• **Stored items from a collection**:

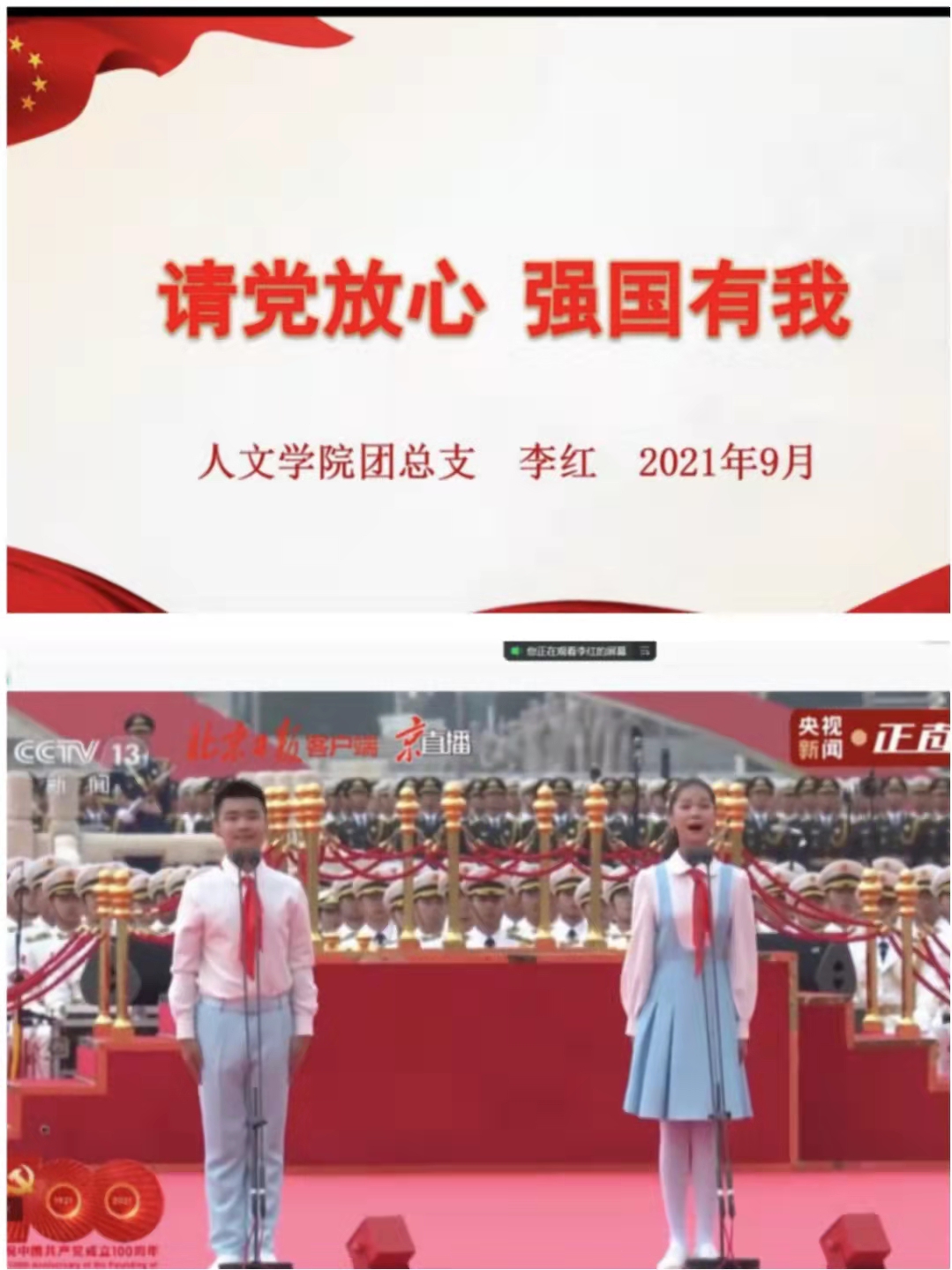 为深入学习贯彻习近平总书记在庆祝中国共产党成立100周年大会上重要讲话精神,推动“学党史、强信念、跟党走”学习教育在全团持续深化,9月17日,Beat365官方网站汉语言文学20-1班团支部开展了“请党放心,强国有我”线上宣讲会活动。Beat365官方网站团总支书记李红主讲。
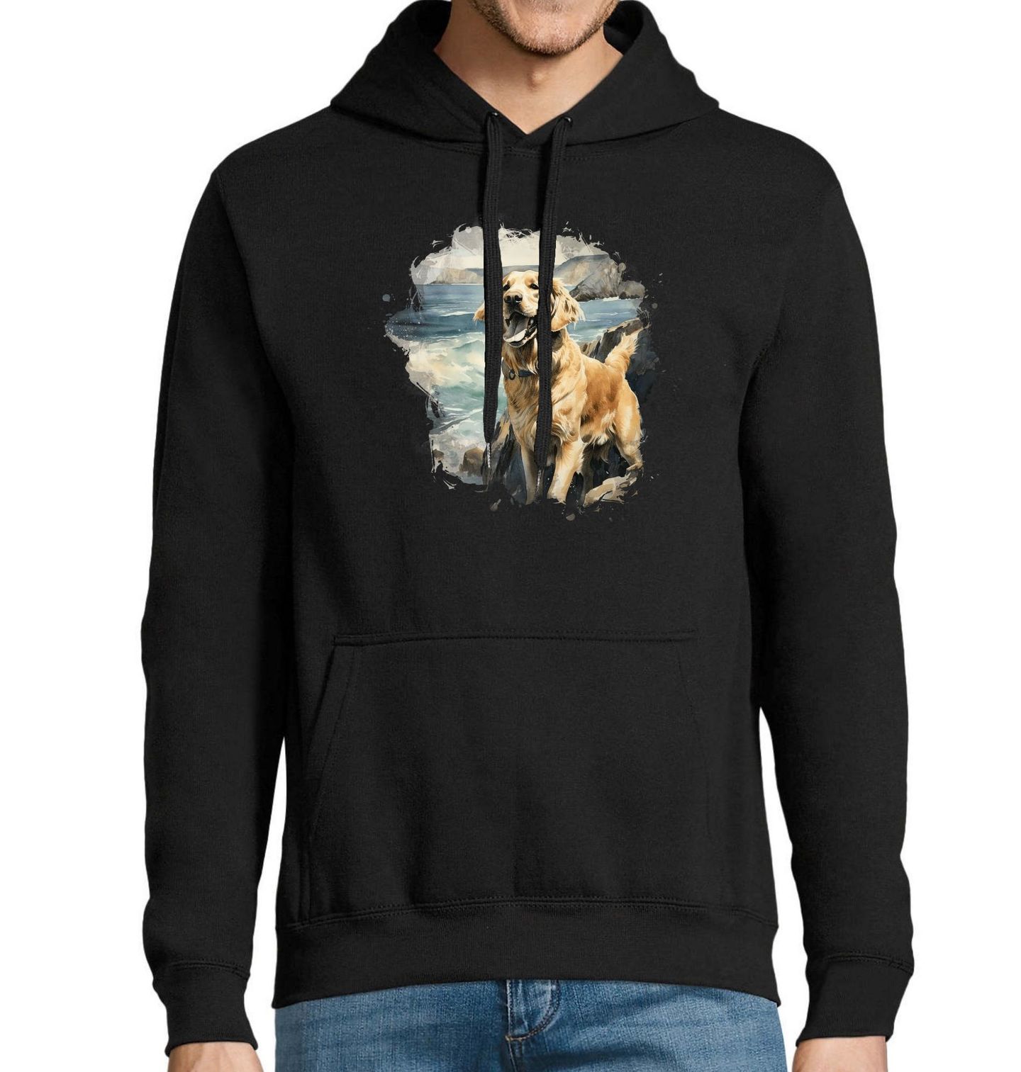 Pánská mikina Zlatý retrívr u Pobřeží. Nádherný motiv zobrazující Zlatého retrívra na skalnatém pobřeží oceánu potěší každého pejskaře, který vnímá svého psa jako společníka na každém dobrodružství. Zlatý retrívr – pes plný radosti a oddanosti – v sobě na tomto designu spojuje lásku ke zvířatům i k přírodě.
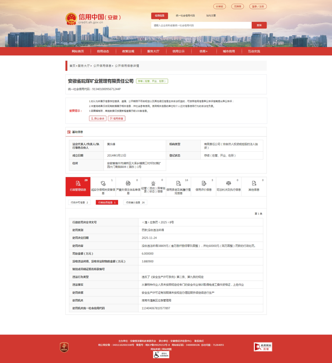 齐鲁晚报·齐鲁壹点记者于信用中国(安徽)公开信用信息栏获悉,11月24日,皖北煤电旗下的安徽省皖煤矿业管理有限责任公司(下称"皖煤矿业管理公 司")收到罚单,处罚类别是"罚款;没收违法所得",处罚机关为淮南市潘集区应急管理局。 | | 长期版 无障碍 登录 / 注册 | | --- | --- | | 信用信息 | 规一社会僵用代码 站内文堂 | | | 请输入企业名称或者说一社会信用代码 查询 | | 网站首页 信用动态 政策法规 | 服务大厅 信用公示 信易+ 城市信用 互动交流 | | 首页>服务大厅> 公开信用信息> 公开信用信息详情 | | | 安徽省皖煤矿业管理有限责任公司 | 存续(在营、开业、在册 ) | | 统一社会信用代码:91340100095671244P | | | 1,如认为所属示道恩存在错误、途漏、公开刷眼不符合规定以及其他侵犯值显主体合法权益的,可按照值用值显鼻议审诉指南提出鼻议由诉; | 2.本董演唱黑仪依观看数强暴示相关信息,供社会参考使用,使用相关信息的单位和个人应对信息使用行为的合法性负责, | | 3.因筒幅有限,單类数強仪按更新程度展示前100条值息, 重要提示: ...
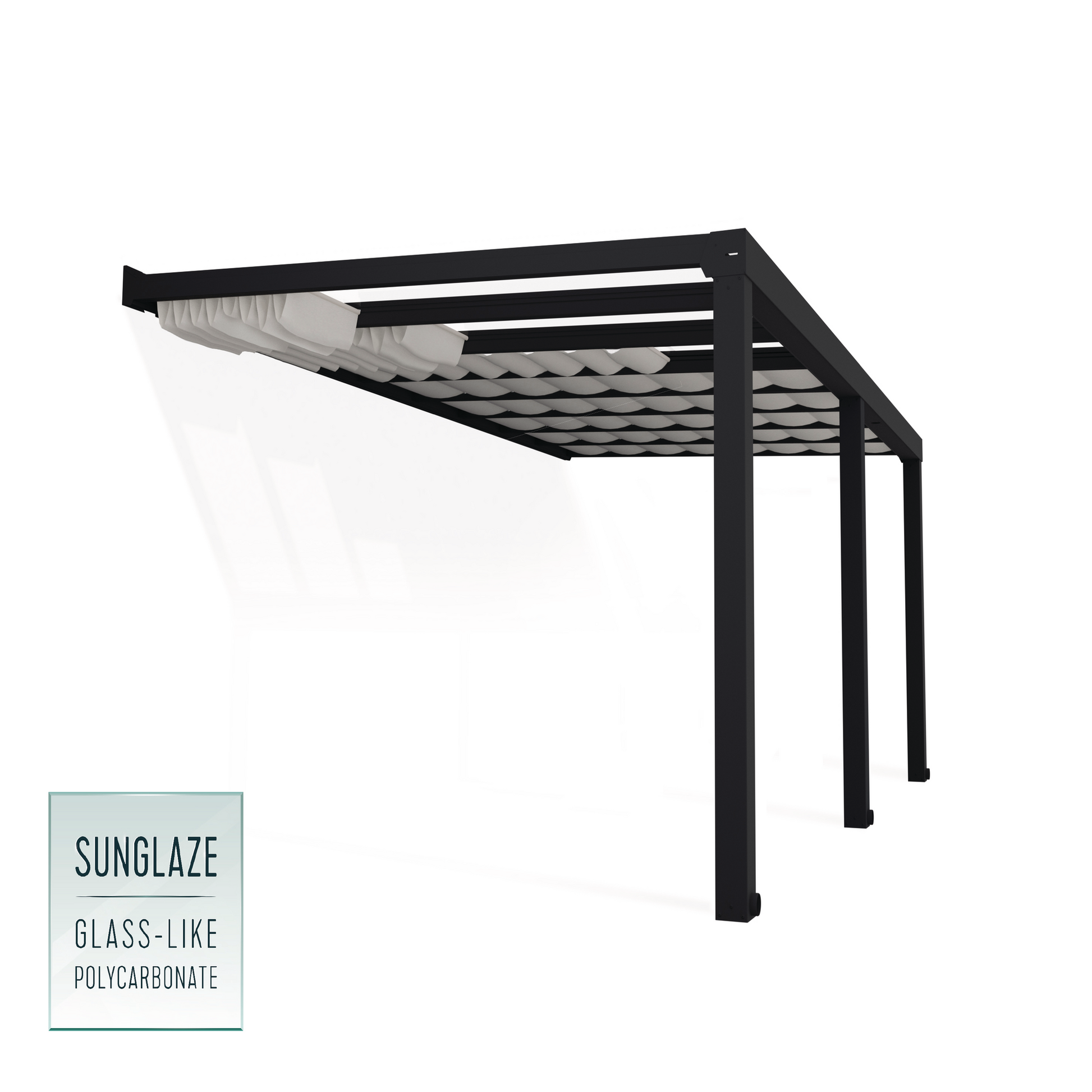 Käytännössä rikkoutumattomat, 100% UV -suojatut kattopaneelit on valmistettu 4 mm paksusta polykarbonaatista suojaten terassilla olijoita UV -säteilyltä, sateelta ja lumelta.
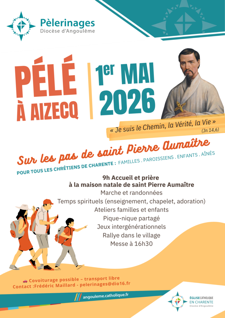Le diocèse d’Angoulême invite tous les chrétiens de Charente, familles, paroissiens, jeunes et aînés, à vivre une grande journée de pèlerinage diocésain le vendredi 1er mai 2026 à Aizecq, village natal de saint Pierre Aumaître.
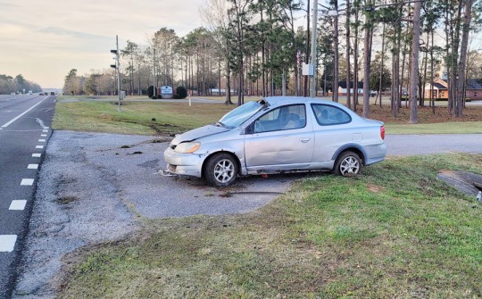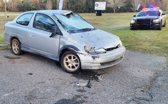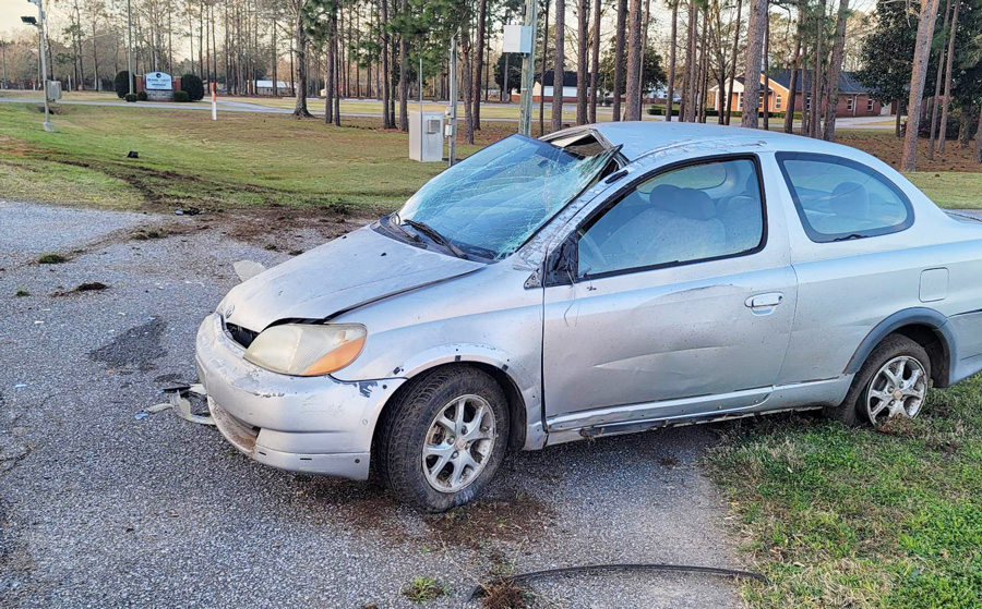 The driver of a small Toyota car lost control on Highway 29 at the Victory Assembly of God Church, just south of Barrineau Park Road. The vehicle left the roadway and overturned, coming to rest upright.

• **Task details**:
Nothing but the records, repeated exactly and stripped of pictures, should appear in the answer.

• **Response area**:
 为深入学习贯彻习近平总书记在庆祝中国共产党成立100周年大会上重要讲话精神,推动“学党史、强信念、跟党走”学习教育在全团持续深化,9月17日,Beat365官方网站汉语言文学20-1班团支部开展了“请党放心,强国有我”线上宣讲会活动。Beat365官方网站团总支书记李红主讲。
 Pánská mikina Zlatý retrívr u Pobřeží. Nádherný motiv zobrazující Zlatého retrívra na skalnatém pobřeží oceánu potěší každého pejskaře, který vnímá svého psa jako společníka na každém dobrodružství. Zlatý retrívr – pes plný radosti a oddanosti – v sobě na tomto designu spojuje lásku ke zvířatům i k přírodě.
 齐鲁晚报·齐鲁壹点记者于信用中国(安徽)公开信用信息栏获悉,11月24日,皖北煤电旗下的安徽省皖煤矿业管理有限责任公司(下称"皖煤矿业管理公 司")收到罚单,处罚类别是"罚款;没收违法所得",处罚机关为淮南市潘集区应急管理局。 | | 长期版 无障碍 登录 / 注册 | | --- | --- | | 信用信息 | 规一社会僵用代码 站内文堂 | | | 请输入企业名称或者说一社会信用代码 查询 | | 网站首页 信用动态 政策法规 | 服务大厅 信用公示 信易+ 城市信用 互动交流 | | 首页>服务大厅> 公开信用信息> 公开信用信息详情 | | | 安徽省皖煤矿业管理有限责任公司 | 存续(在营、开业、在册 ) | | 统一社会信用代码:91340100095671244P | | | 1,如认为所属示道恩存在错误、途漏、公开刷眼不符合规定以及其他侵犯值显主体合法权益的,可按照值用值显鼻议审诉指南提出鼻议由诉; | 2.本董演唱黑仪依观看数强暴示相关信息,供社会参考使用,使用相关信息的单位和个人应对信息使用行为的合法性负责, | | 3.因筒幅有限,單类数強仪按更新程度展示前100条值息, 重要提示: ...
 Käytännössä rikkoutumattomat, 100% UV -suojatut kattopaneelit on valmistettu 4 mm paksusta polykarbonaatista suojaten terassilla olijoita UV -säteilyltä, sateelta ja lumelta.
Le diocèse d’Angoulême invite tous les chrétiens de Charente, familles, paroissiens, jeunes et aînés, à vivre une grande journée de pèlerinage diocésain le vendredi 1er mai 2026 à Aizecq, village natal de saint Pierre Aumaître.
 The driver of a small Toyota car lost control on Highway 29 at the Victory Assembly of God Church, just south of Barrineau Park Road. The vehicle left the roadway and overturned, coming to rest upright.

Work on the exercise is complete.